*RECORD EXTRACTS*
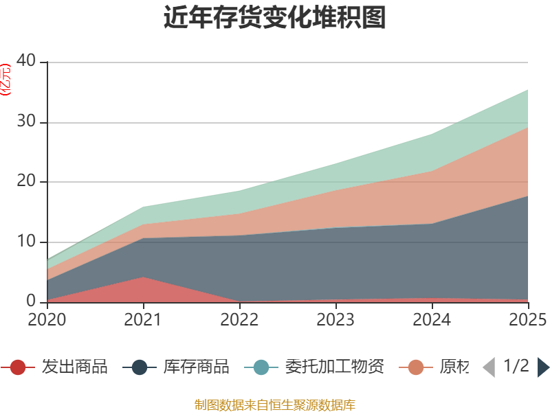 从存货变动来看,截至2025年末,公司存货账面价值为35.33亿元,占净资产的59.52%,较上年末增加7.4亿元。其中,存货跌价准备为4692.15万元,计提比例为1.31%。
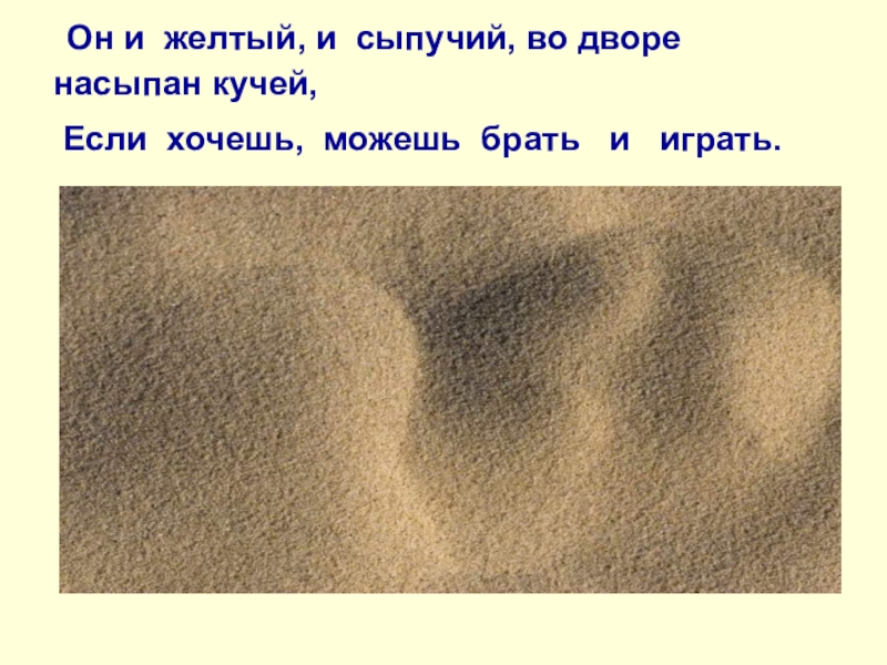 Слайд 12 Он и желтый, и сыпучий, во дворе насыпан кучей,
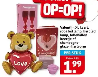 Valentijn XL kaart, roos led lamp, hart led lamp, folieballon beertje of champagne glazen hartvorm aanbieding bij Hoogvliet
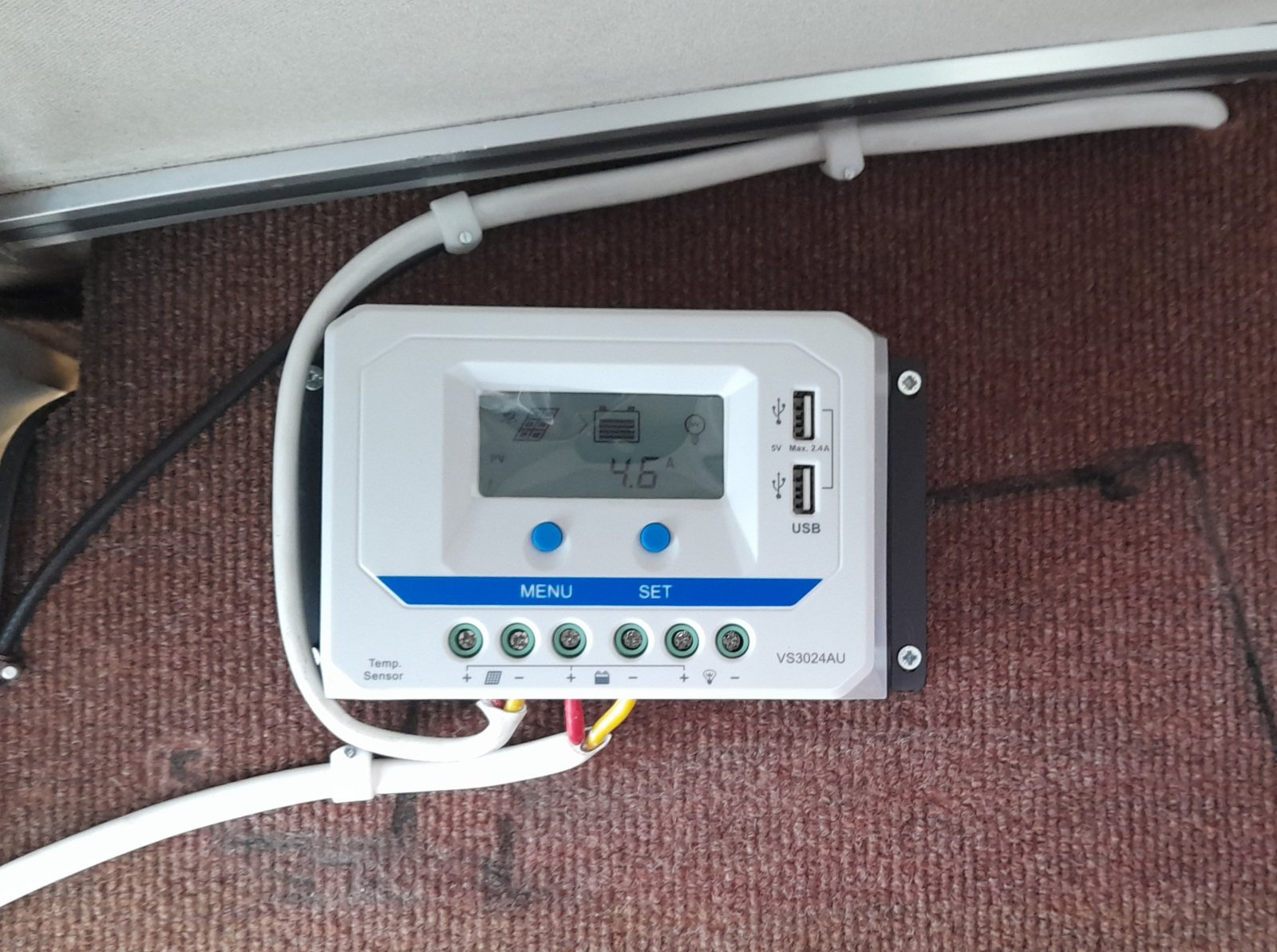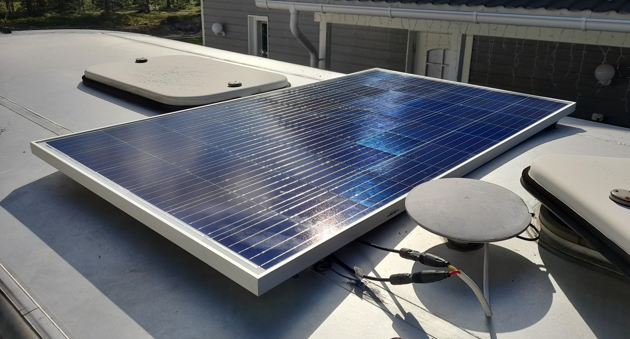 Nyt on aurinkoenergiaa, sen verran että riittää meille. Säädin vaihtuu vielä parempaan kun saan uuden tilattua. Joku piti saada paikoilleen että pääsi liikenteeseen.
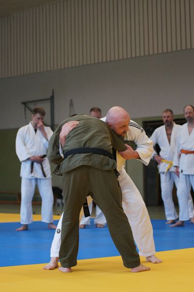 Zum Abschluss wurden die erlernten Techniken zu vollständigen Kombinationen zusammengefügt. Begonnen wurde bei jeder Kombinationen mit Schlägen, anschließend folgten angemessene Würfe und auch für den Boden zeigte Viktor noch einige technische Gemeinheiten. Auch hier lag sein Fokus klar darauf, logisch aufeinander aufbauende Techniken zu vermitteln. Selbst den weniger Erfahrenen gelang es so, am Ende eine dynamische Technik auszuführen, die sowohl kampf- als auch prüfungstauglich ist.
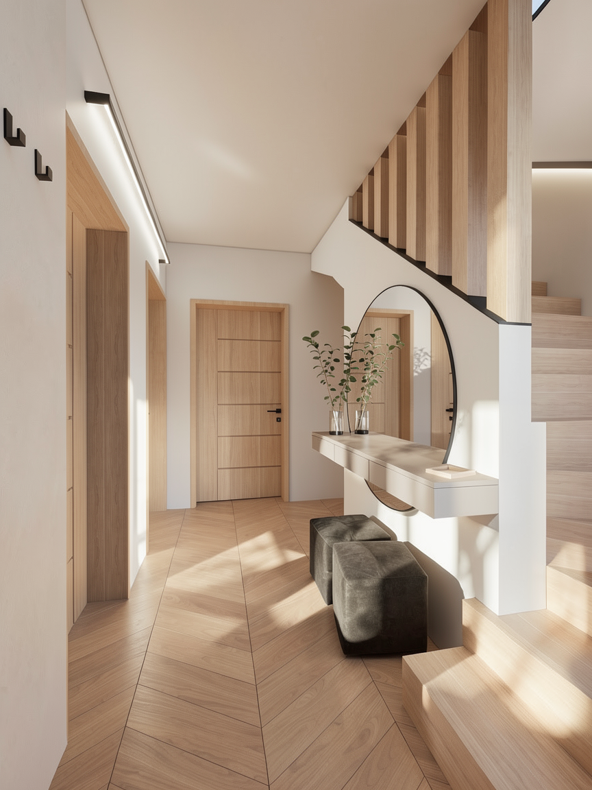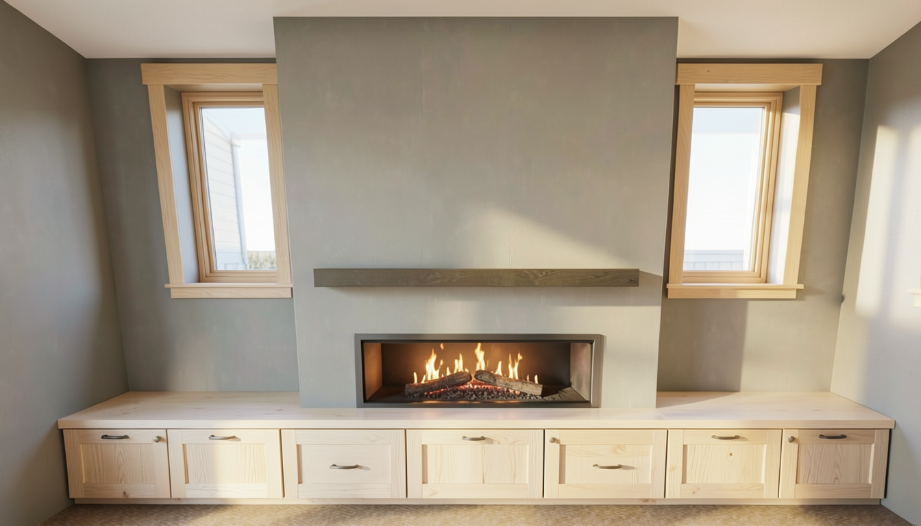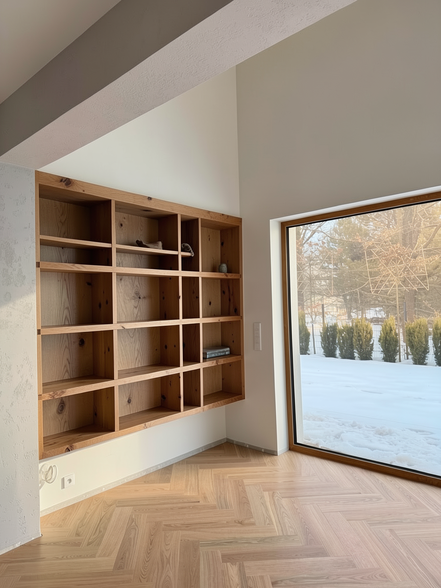 add wodden shelves irregular with open and close space on the bottom make line of drawers
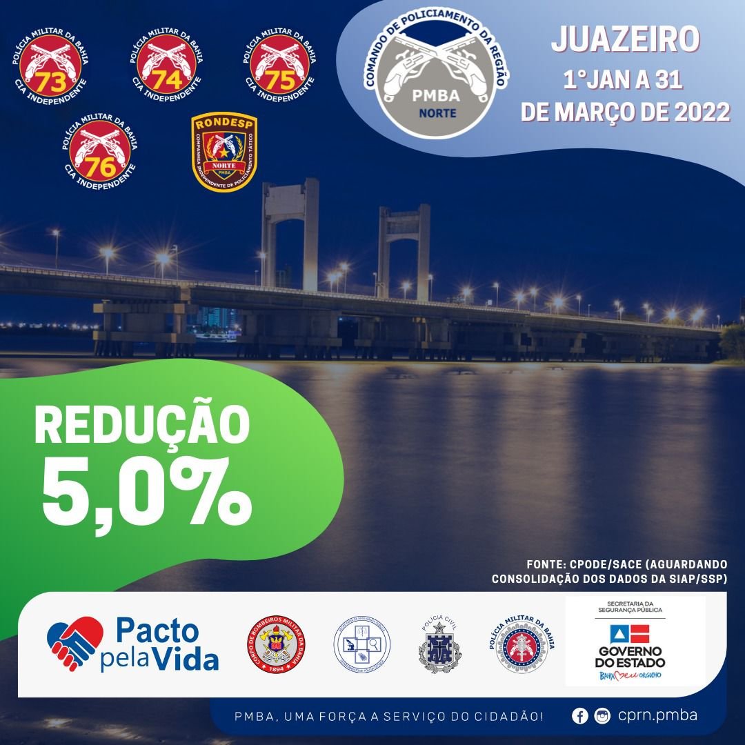 O Comando de Policiamento da Região Norte (CPR-N), com 53 munícipios na área de sua responsabilidade, comandado pelo Coronel PM Valter Araújo, em cumprimento às diretrizes estratégicas do Excelentíssimo Senhor Coronel PM Coutinho, Comandante-Geral, após análise dos Índices dos Crimes Violentos Letais Intencionais (CVLI), no primeiro trimestre de 2022, em comparativo ao mesmo período de 2021, observou a redução de 5%, na cidade de Juazeiro – BA, município que sedia quatro (04) Companhias Independentes de Polícia Militar (CIPM), sendo elas: 73ª, 74ª, 75ª e 76ª; bem como uma (01) Companhia Independente de Policiamento Tático (CIPT-N).
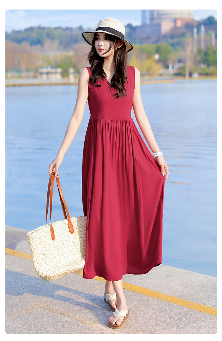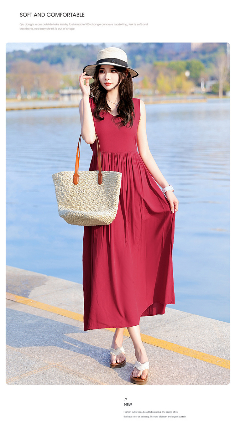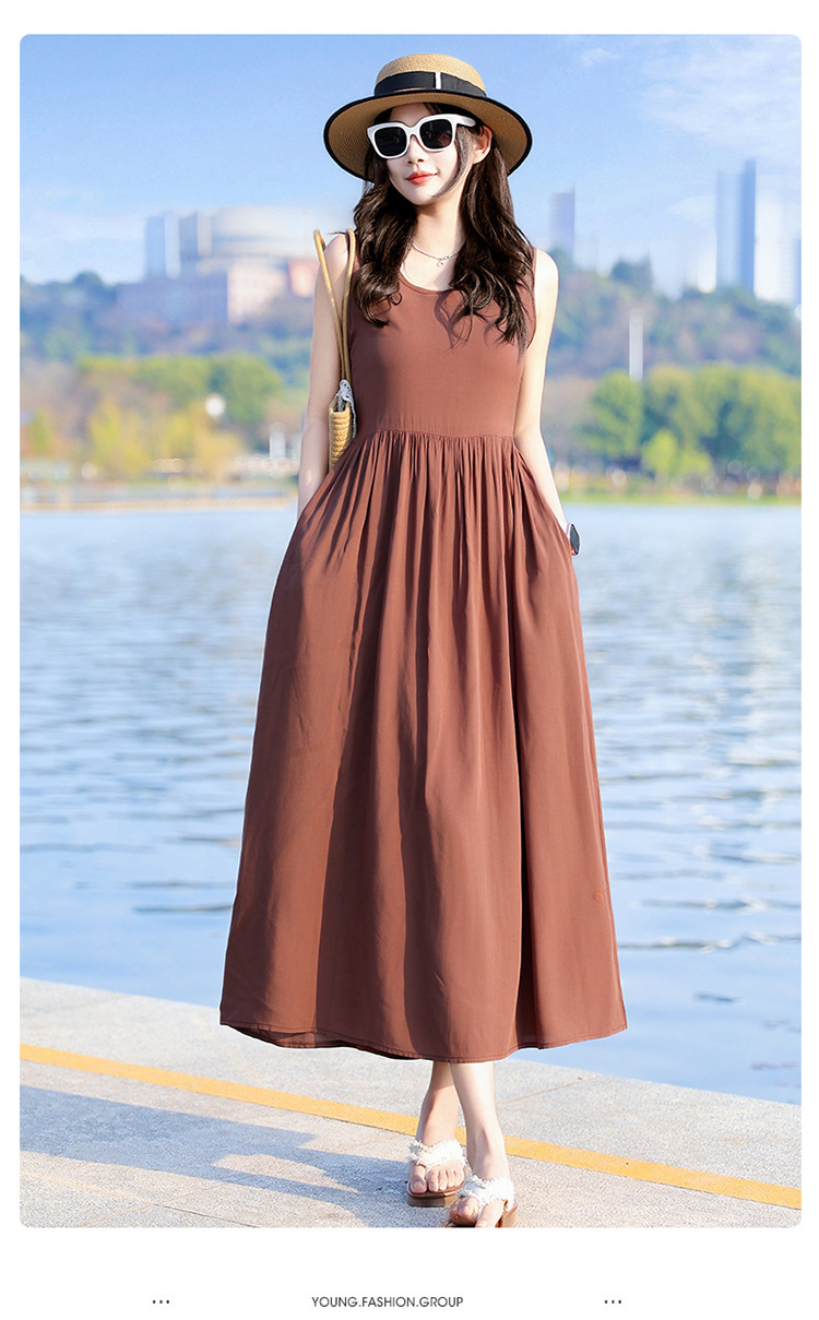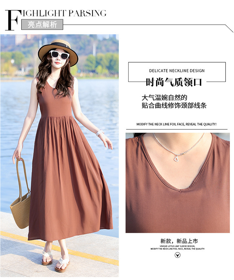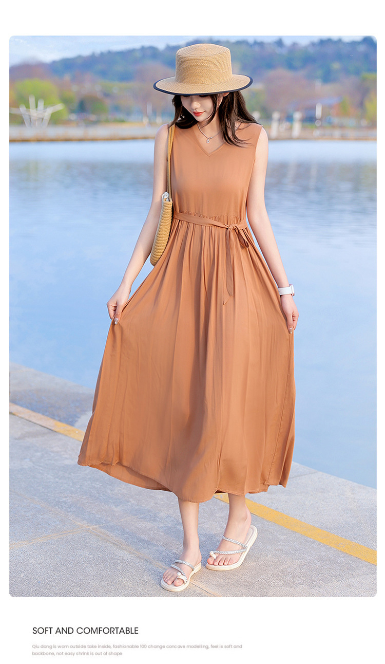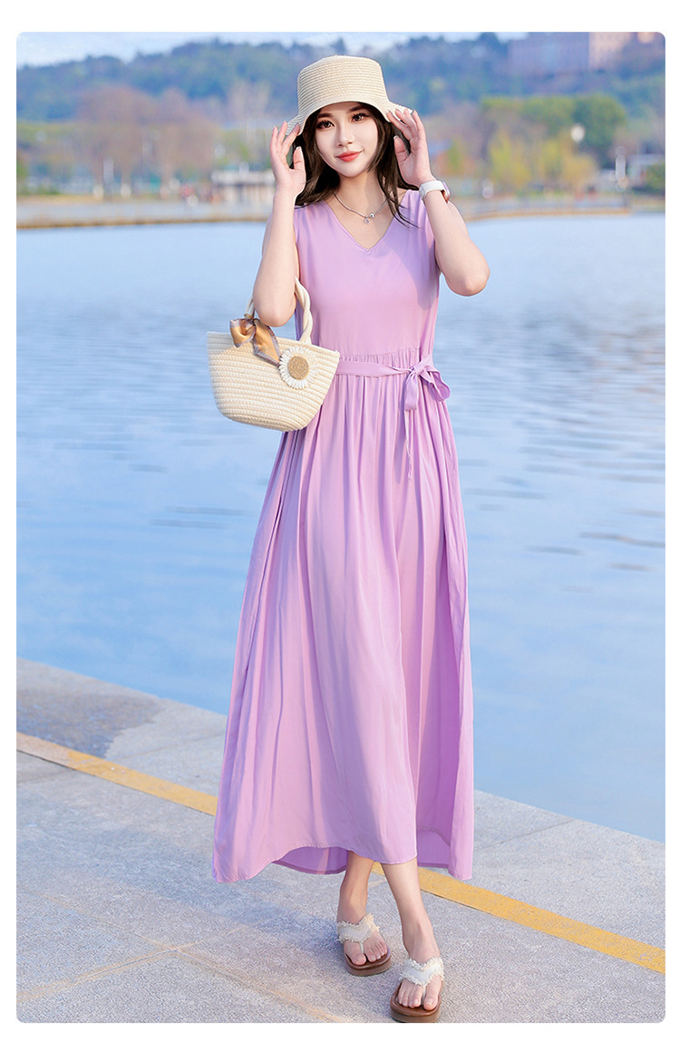 2025新款夏装收腰显瘦高支棉绸连衣裙气质妈妈度假风海边沙滩裙

*AIM OF THE EXERCISE*
Leave the pictures out and repeat exactly the lines from the beginning of the records to the line bearing "Nyt on aurinkoenergiaa, sen", both ends counted.

*TASK ANSWER*
 从存货变动来看,截至2025年末,公司存货账面价值为35.33亿元,占净资产的59.52%,较上年末增加7.4亿元。其中,存货跌价准备为4692.15万元,计提比例为1.31%。
 Слайд 12 Он и желтый, и сыпучий, во дворе насыпан кучей,
 Valentijn XL kaart, roos led lamp, hart led lamp, folieballon beertje of champagne glazen hartvorm aanbieding bij Hoogvliet
 Nyt on aurinkoenergiaa, sen verran että riittää meille. Säädin vaihtuu vielä parempaan kun saan uuden tilattua. Joku piti saada paikoilleen että pääsi liikenteeseen.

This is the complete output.